ASSIGNED TASK: Repeat only the lines below that run from the line with "クッキー詰め合わせは見た目の" to the line with "In Area 4 you", ends included; skip every picture.

-- Opening Marker --

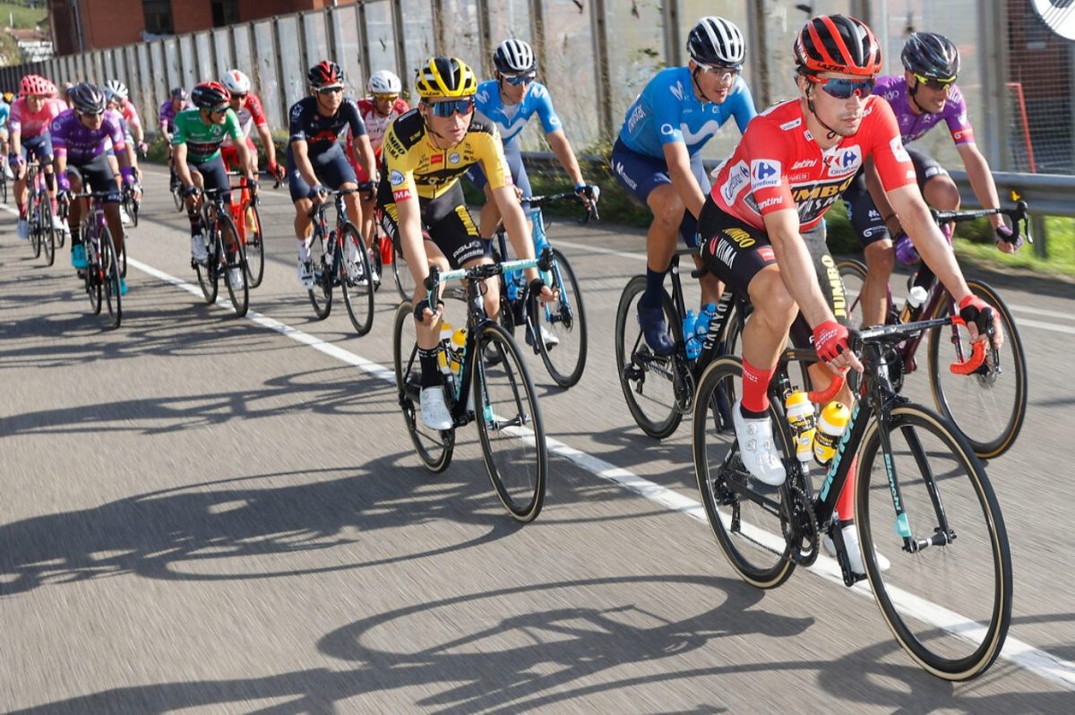 最初の1級山岳を下ると、ユンボ・ヴィズマとイネオス・グレナディアスが牽引するメイン集団と逃げグループとの差は1分40秒ほどに拡大。2つめの1級山岳コベルトリア峠にさしかかると、マルク・ソレル(モビスター)がメイン集団を飛び出し、先頭集団に合流した。1級山岳コベルトリア峠のKOMは逃げグループのマルタンが先頭で通過した。
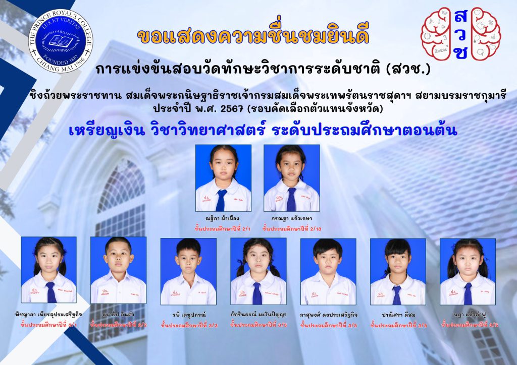 นักเรียนชั้นประถมศึกษาปีที่ 1-3 ที่ได้รับรางวัลจากการสอบวัดทักษะวิชาการระดับชาติ (สวช.) ประจำปี พ.ศ. 2567 (รอบคัดเลือกตัวแทนจังหวัด) วิชาวิทยาศาสตร์
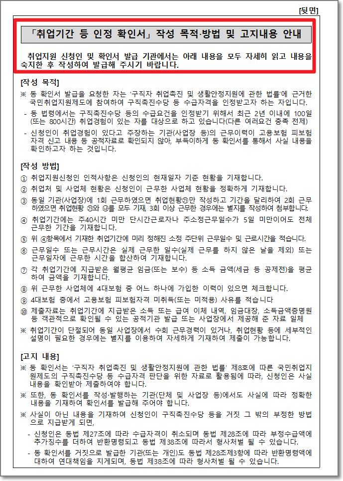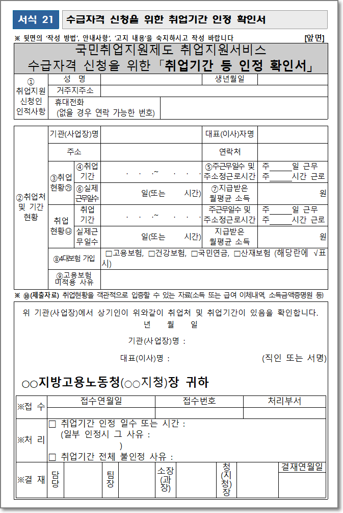1. 수급자격 신청을 위한 취업기간 인정 확인서
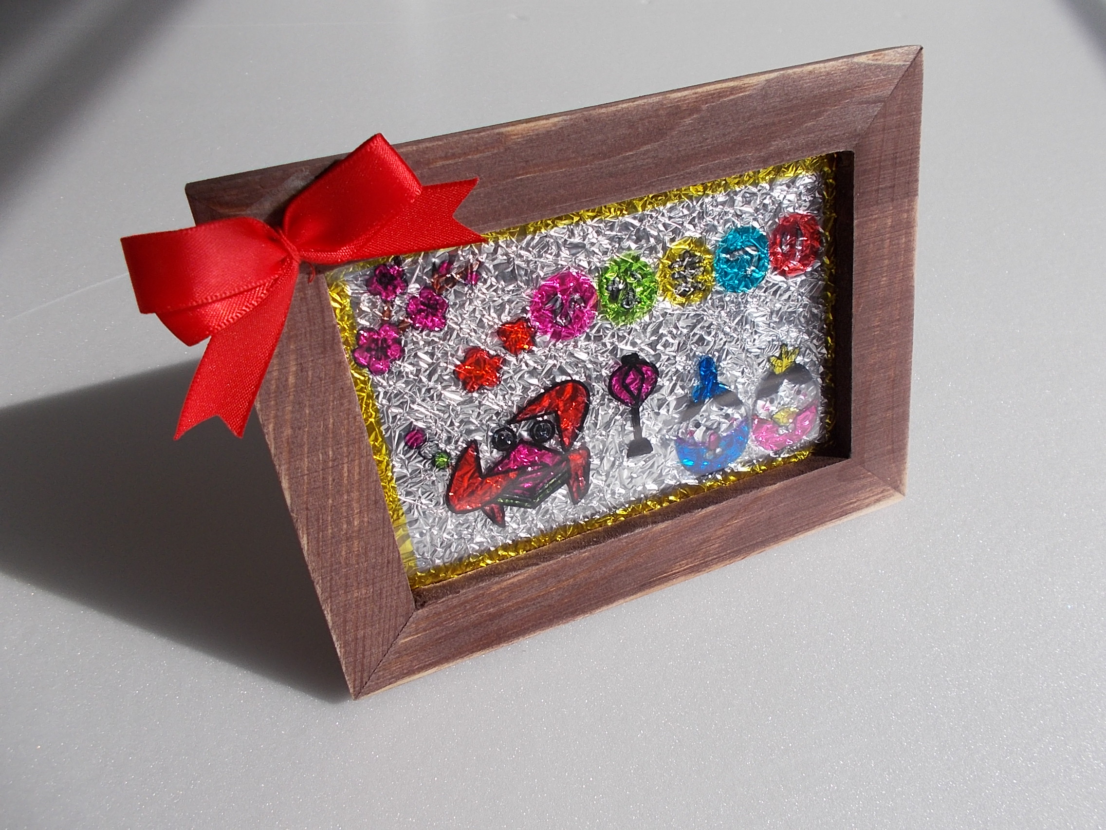 プラ板に絵をかいて、ステンドグラスを作ります。
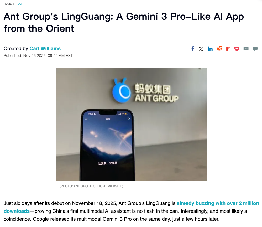 Tech Times在报道中指出,发布仅六天后,蚂蚁集团的灵光就吸引了超过200万次下载一一证明中国首款多模态AI助手并非昙花一现。“有趣的是,这很可能只是巧合,谷歌在同一天稍晚些时候发布了其多模态Gemini3 Pro。”
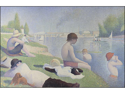 بعدها نقاشانی چون سزان، گوگن و ون گوگ از اين مکتب فاصله گرفتند و با پايه گذاری سبکی که بعدها به پست - امپرسيونيسم شهرت پيدا کرد، مقابل امپرسيونيستها قرار گرفتند. حمام آفتاب در انير؛ ژرژ سورا - 1884
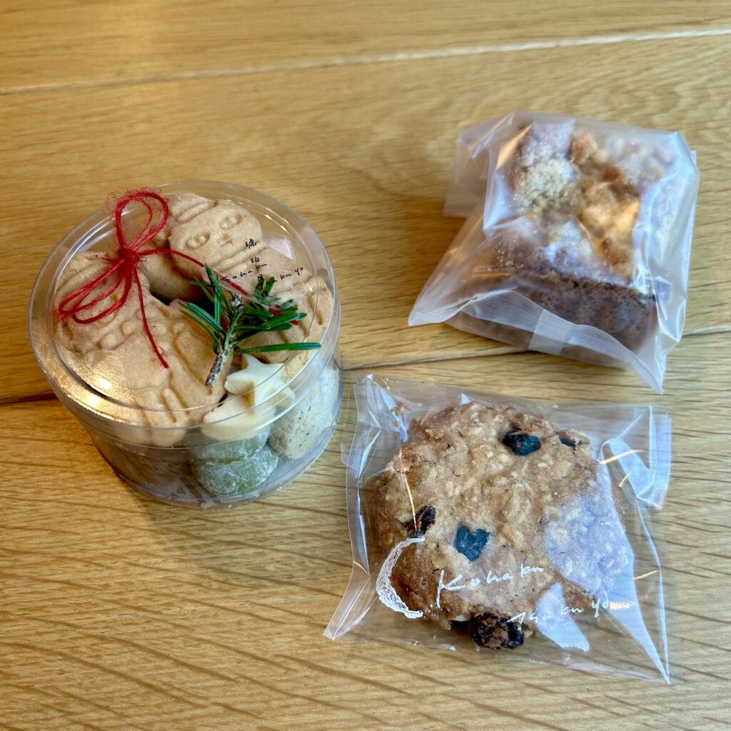クッキー詰め合わせは見た目の可愛さだけでなく、サクサク・ほろほろでとっても美味しいです。お隣は上が「りんごとクリームチーズ」下が「オートミールクッキー(レーズンとブルーベリー)」です。
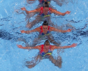 Украинские синхронистки Лолита Ананасова, Елена Гречихина, Анна Клименко, Александра Сабада, Катерина Садурская, Анастасия Савчук, Анна Волошина и Ольга Золотарева завоевали бронзу в произвольной программе групп с результатом 933,640 балла. Победили россиянки (97,400), серебро выиграли испанки (94,230).
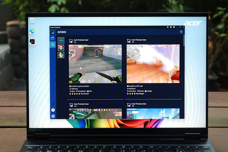 內建「Acer ProCam」是專為電競玩家設計的AI遊戲錄影工具,會在背景無縫運行,自動捕捉勝利、擊殺、擊倒等關鍵時刻,讓玩家能夠專注於遊戲而不被錄影過程干擾,內建編輯工具更讓玩家能夠輕鬆製作和分享遊戲高光片段。
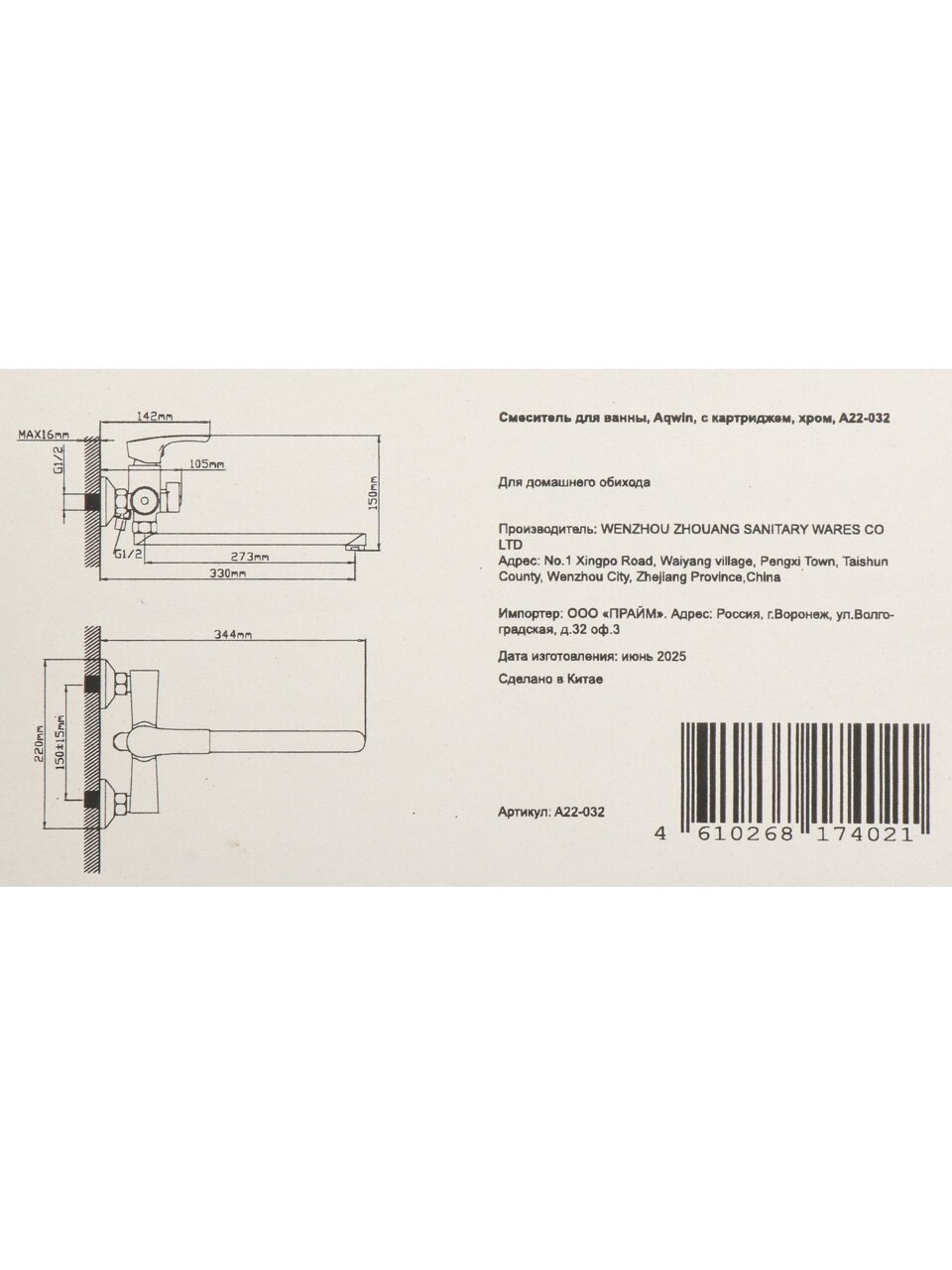 Смеситель для ванны, Aqwin, с картриджем, хром, A22-032
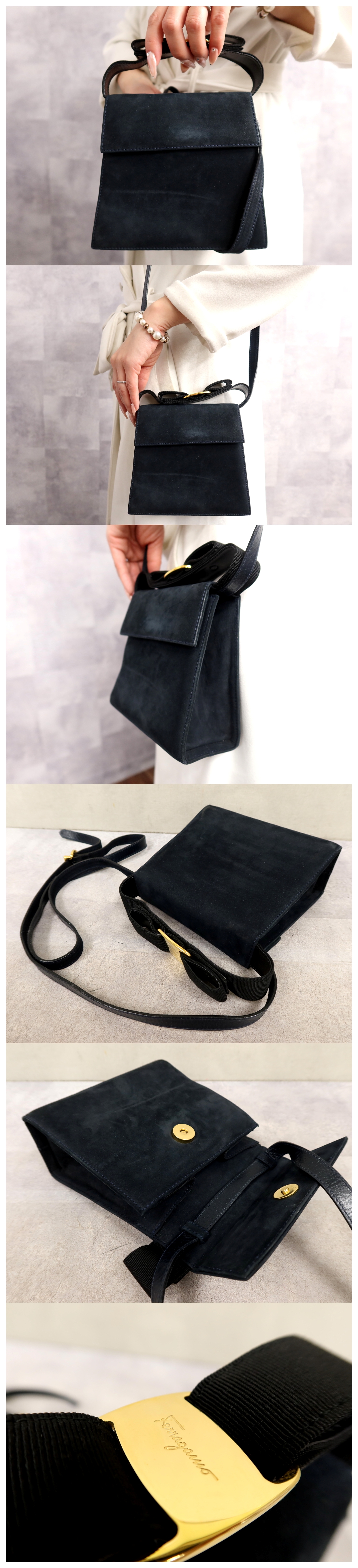 ●超美品●Salvatore Ferragamo フェラガモ●ヴァラリボン●スエード レザー 本革●2way ハンド バッグ●ダークネイビー●G金具●Js65093 收藏
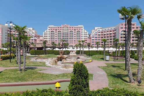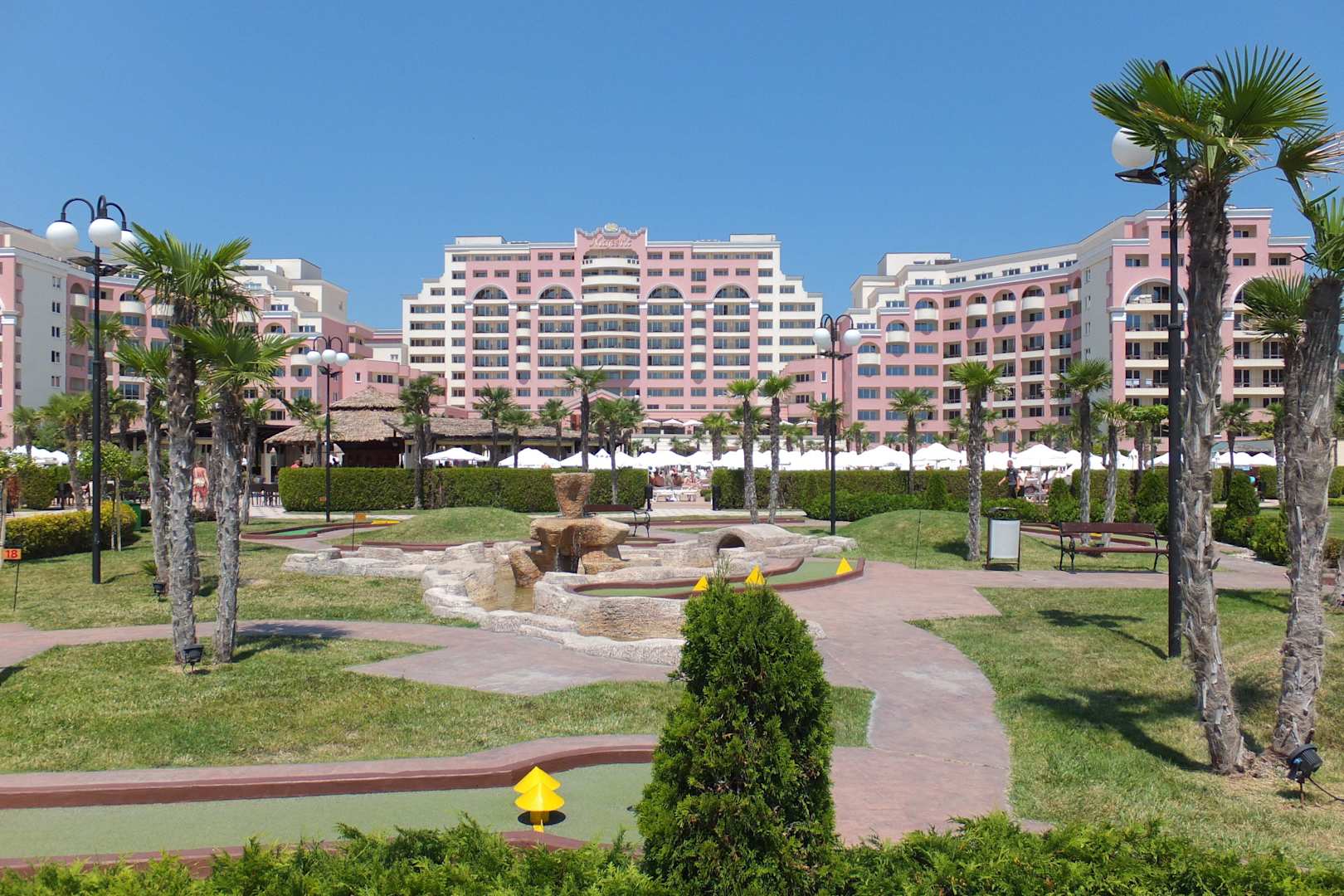 Hotelansicht und Minigolfanlage rechts
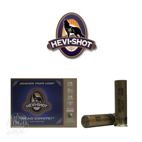 This is 12 Gauge Hevi-Shot Dead Coyote 3 1/2" 1 3/8oz. 14 Pellet 00 Buckshot Predator Ammo. Hevi-Shot Dead Coyote produces lethal knockdown power at over 70 yards. Hevi-Shot Dead Coyote is nearly twice as effective as standard conventional loads. This predator load has a muzzle velocity of 1350fps. Comes packed 5rds. per box.
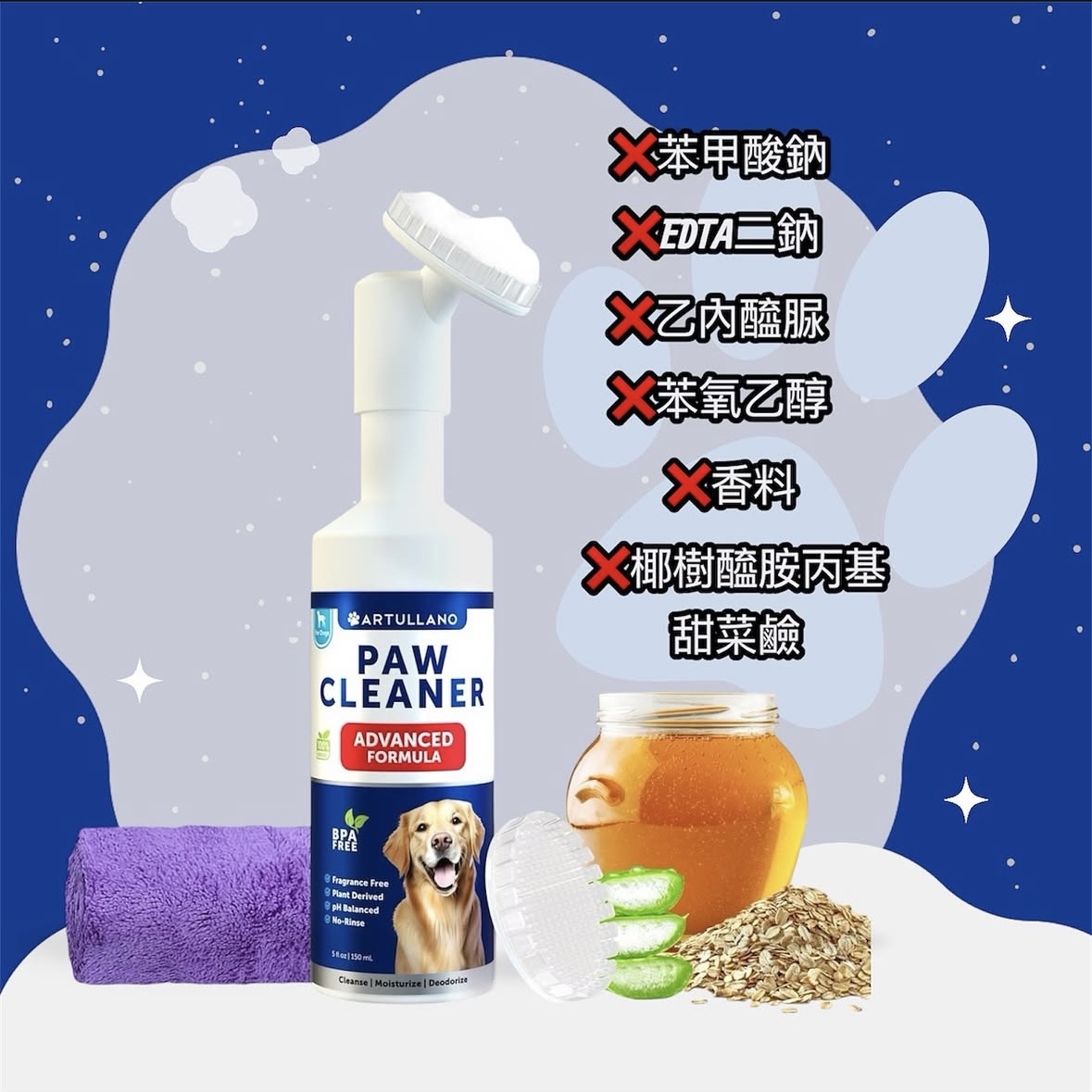 🌟專為清潔、滋潤和除臭狗狗腳掌而設計 ✅採用先進配方 ✅不含BPA 和香料 ✅使用植物來源成分,且pH 值平衡 使用方式:沖洗泡沫清潔劑,附有矽膠刷,方便清潔容量:150ml
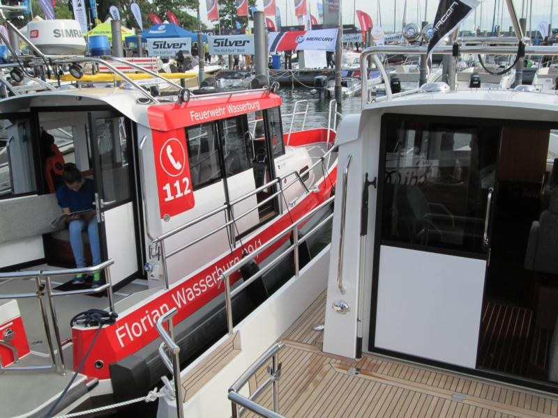 Während der gesamten Dauer der Messe in Friedrichshafen wird die Paragon 25 im Messehafen liegen und an bestimmten Tagen ebenfalls das extra kommerzielle Modell der Feuerwehr Wasserburg.
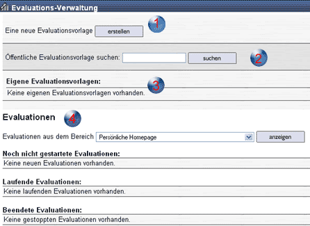 In Area 4 you see an overview of all your evaluations: those which have not yet run; those that are currently running; and those that are no longer running. If you have not yet published any evaluations, this area is empty — as in the example above.
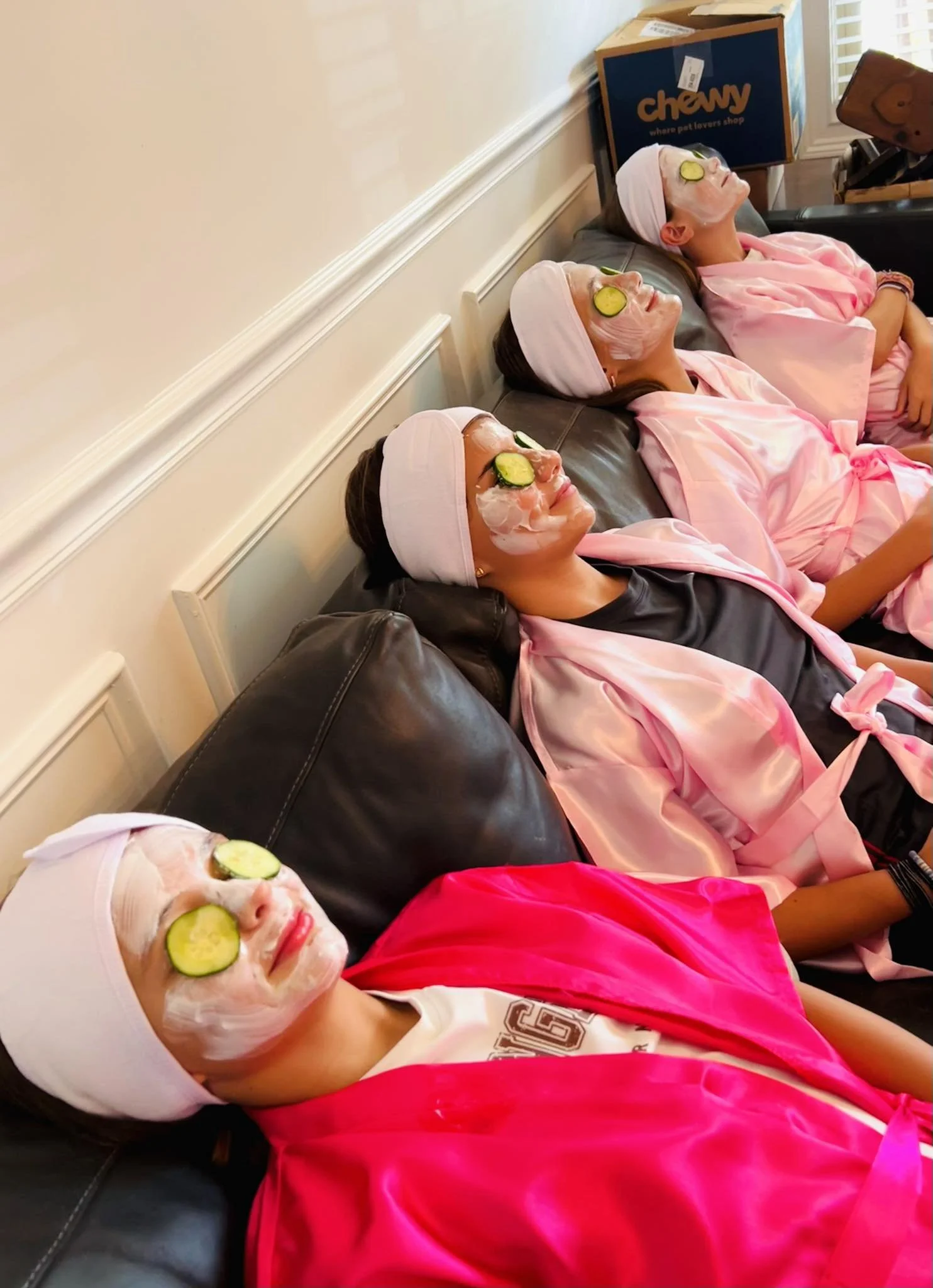 — Base activities: Robes, sandals and headwraps for each guest to wear during the party. Mini manicures & mini pedis with our lavender/rose sugar scrubs, a bubbly foot soak and refreshing face masks with natural ingredients.

-- Closing Marker --

ANSWER SECTION:
クッキー詰め合わせは見た目の可愛さだけでなく、サクサク・ほろほろでとっても美味しいです。お隣は上が「りんごとクリームチーズ」下が「オートミールクッキー(レーズンとブルーベリー)」です。
 Украинские синхронистки Лолита Ананасова, Елена Гречихина, Анна Клименко, Александра Сабада, Катерина Садурская, Анастасия Савчук, Анна Волошина и Ольга Золотарева завоевали бронзу в произвольной программе групп с результатом 933,640 балла. Победили россиянки (97,400), серебро выиграли испанки (94,230).
 內建「Acer ProCam」是專為電競玩家設計的AI遊戲錄影工具,會在背景無縫運行,自動捕捉勝利、擊殺、擊倒等關鍵時刻,讓玩家能夠專注於遊戲而不被錄影過程干擾,內建編輯工具更讓玩家能夠輕鬆製作和分享遊戲高光片段。
 Смеситель для ванны, Aqwin, с картриджем, хром, A22-032
 ●超美品●Salvatore Ferragamo フェラガモ●ヴァラリボン●スエード レザー 本革●2way ハンド バッグ●ダークネイビー●G金具●Js65093 收藏
 Hotelansicht und Minigolfanlage rechts
 This is 12 Gauge Hevi-Shot Dead Coyote 3 1/2" 1 3/8oz. 14 Pellet 00 Buckshot Predator Ammo. Hevi-Shot Dead Coyote produces lethal knockdown power at over 70 yards. Hevi-Shot Dead Coyote is nearly twice as effective as standard conventional loads. This predator load has a muzzle velocity of 1350fps. Comes packed 5rds. per box.
 🌟專為清潔、滋潤和除臭狗狗腳掌而設計 ✅採用先進配方 ✅不含BPA 和香料 ✅使用植物來源成分,且pH 值平衡 使用方式:沖洗泡沫清潔劑,附有矽膠刷,方便清潔容量:150ml
 Während der gesamten Dauer der Messe in Friedrichshafen wird die Paragon 25 im Messehafen liegen und an bestimmten Tagen ebenfalls das extra kommerzielle Modell der Feuerwehr Wasserburg.
 In Area 4 you see an overview of all your evaluations: those which have not yet run; those that are currently running; and those that are no longer running. If you have not yet published any evaluations, this area is empty — as in the example above.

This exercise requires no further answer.